Comic Strip of the Day

CSotD: Cartoon Classic: Sex, Politics and Mudslinging

Grover-cleveland-love-child
Daryl Cagle posts a brief item reflecting on this Frank Beard classic cartoon, in light of Arnold Schwartzenegger's current scandalous problems. With Schwarzenegger's political career already in the rearview mirror, I'm not sure the parallel holds, but the general tone of political commentary has certainly reverted to the partisan age in which Beard reigned.

During the Lewinksy scandal, I wrote a column on Cleveland's response to the issue, couched in a discussion of how I taught this particular cartoon as part of a presentation I used to do for high schools.

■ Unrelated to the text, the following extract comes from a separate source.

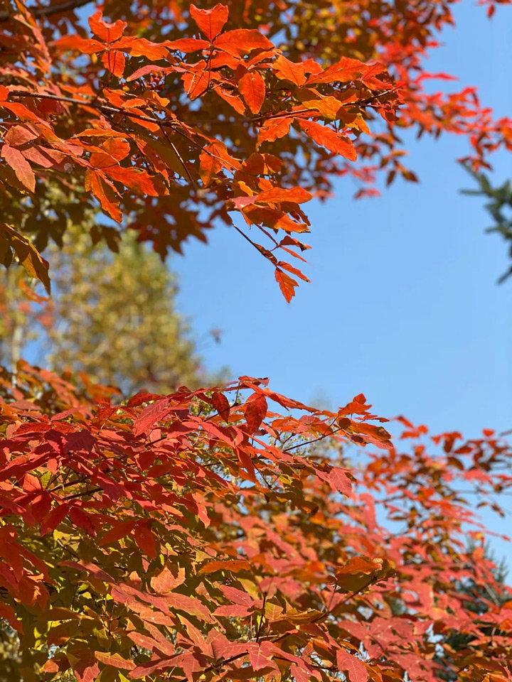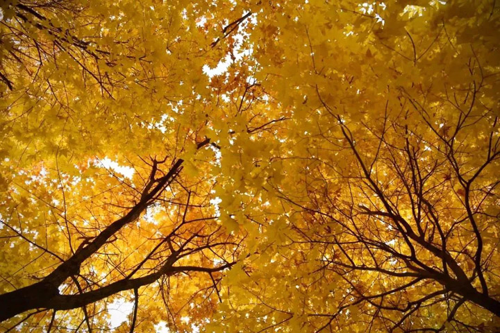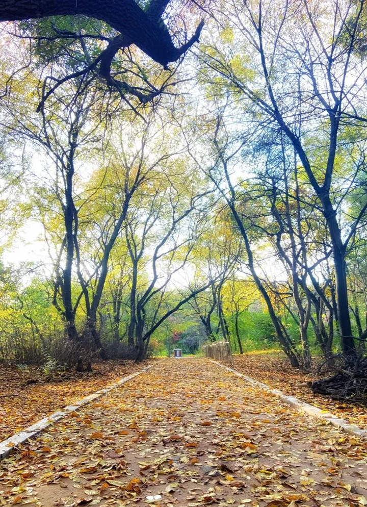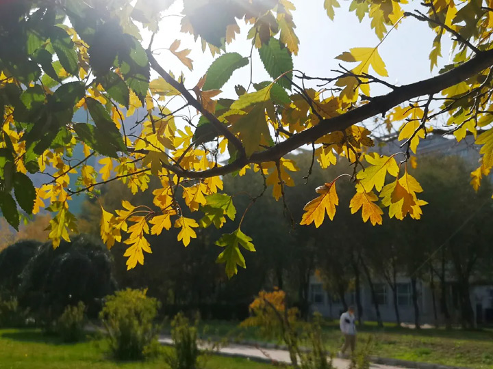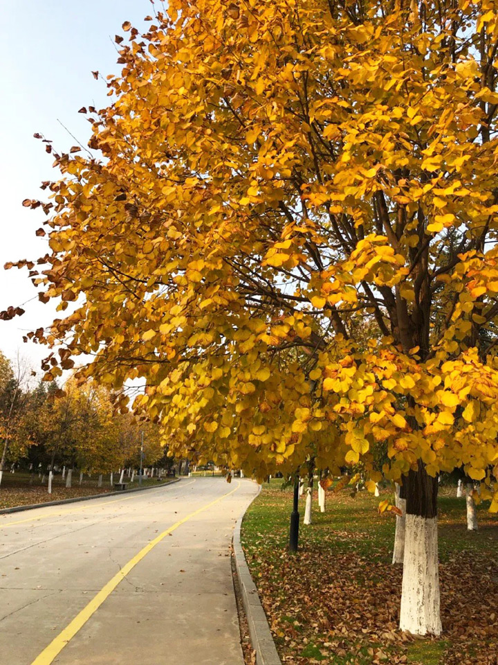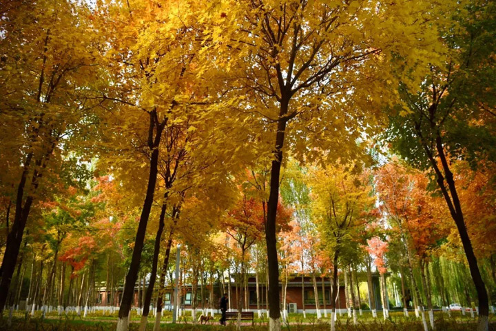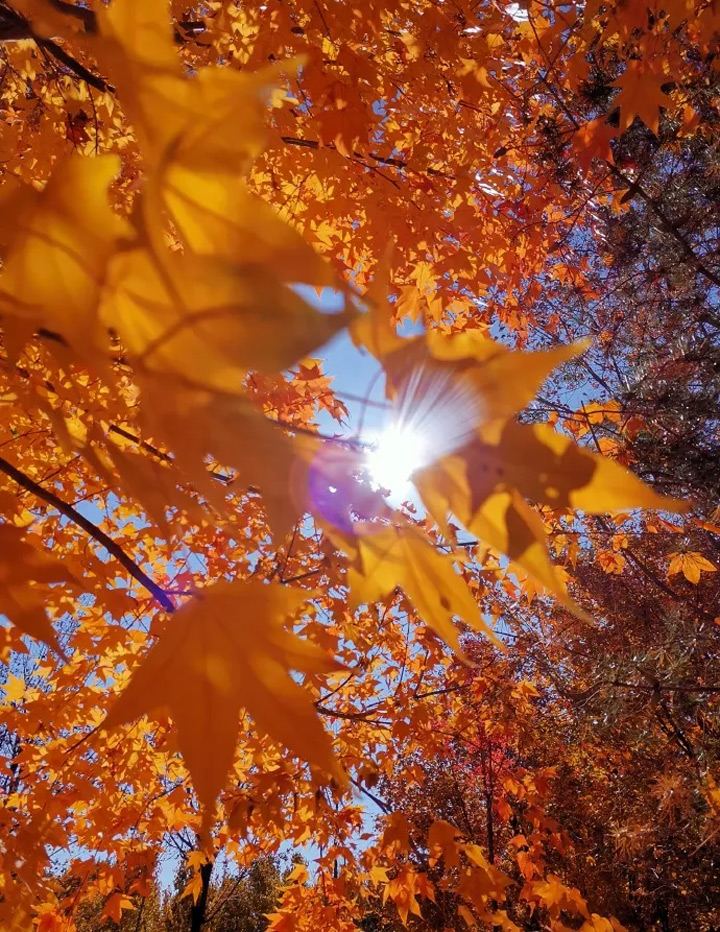 漫步在任意一條林蔭小道,兩側的樹木也是或金黃或紅火,枝葉層疊,迎著陽光,恣意淌入眼簾。

The column ran February 1, 1998, in the Press-Republican of Plattsburgh NY (which retains the copyright), and, since it was good enough to get me invited to a Freedom Forum roundtable on the topic of White House coverage, I won't attempt to improve upon it:

 

1884's lesson: "Whatever you do, tell the truth."

USA Today, NBC and CBS have each, over the past week, agonized publicly over the dilemma of covering presidential sex scandals in front of children. The NBC reporter even said something about bringing up "X-rated topics" with a PG audience.

I guess it's been a while since she saw a PG movie, or talked about sex with an adolescent.

Through our Political Cartoon presentation, I've been discussing a presidential sex scandal with students for a couple of years now, though there are so many topics to be covered that we don't always get to Grover Cleveland's 1884 campaign.

When we do, the kids find it  an interesting study in mudslinging.

We've already talked about the difference between cartoons that attack someone's policies and cartoons that attack them on a personal basis, and the Frank Beard cartoon is a good example of personal attack: Grover Cleveland throws an angry tantrum as a woman weeps and, in her arms, an infant leans towards Cleveland, crying "I want my pa!"

First of all, I tell them, the "infant" was 10 years old by the time Cleveland ran for president: Beard drew a baby to play upon sentiment.

However, there was a more fundamental reason the attack failed: Cleveland hadn't abandoned the child, and he refused to hide from the rumors.

Gov. Cleveland had barely been nominated when the Buffalo Evening Telegraph published a report in which it revealed that, in his days as a Buffalo attorney, Cleveland had impregnated a poor young widow, then had her committed to a mental institution to get out of marrying her, abandoning the unfortunate infant to an orphan asylum.

Campaign advisor Charles Goodyear wired Albany for instructions, and the governor sent a famous six-word reply: "Whatever you do, tell the truth."

Cleveland himself confided that truth to a selection of influential clergymen.

And the truth was this: A decade before, Cleveland had made the acquaintance of Maria Halpin, an attractive, intelligent widow who had come from Pennsylvania to work in a shirt factory and now was manager of the cloak department at a drygoods store.

Halpin kept company with several Buffalo attorneys, and I explain to the students that she was not a prostitute, but that she may have sometimes complained over dinner about the difficulty of meeting her rent that month or the distressing shabbiness of her only winter coat. It's entirely possible that she may have, from time to time, received some assistance from these generous friends.

Halpin became pregnant, and named Cleveland as the father.

Was he? They didn't have blood tests in those days, but it was possible.

She may have named Cleveland because the other attorneys were married, or because she knew he would behave honorably. In any case, he accepted the responsibility.

He paid Maria Halpin's bills while she was out of work having the baby. Then, when she fell into serious alcoholism after the baby was born, he paid for her treatment  at a sanitarium run by the Sisters of Charity, and to have the baby kept at a local orphan asylum. Later, Cleveland footed the legal bills for termination of custody, and for the child to be adopted by a middle-class family. The child grew up to become a physician.

Meanwhile, Cleveland paid to set the woman up with her own business in Niagara Falls, so that she would no longer have to rely upon the kindness of strangers.

As the Rev. Kingsley Twining wrote in his report on the scandal, "After the preliminary offense … his conduct was singularly honorable, showing no attempt to evade responsibility and doing all that he could to meet the duties involved, of which marriage was certainly not one."

While all  this was unraveling, Cleveland was offered the chance to purchase documents that would unleash a counter-scandal on his opponent, James Blaine. He paid the tipster and took the papers, saying, "Is this all of them?"

Assured that the bundle was complete, he shredded it, entirely unread, and fed the scraps into his office fireplace.

"The other side can have a monopoly of all the dirt in this campaign," he commented, as the incriminating documents were reduced to ashes.

So, are kids ready to hear a story like that?

Looking around, you might say the lesson is a bit overdue.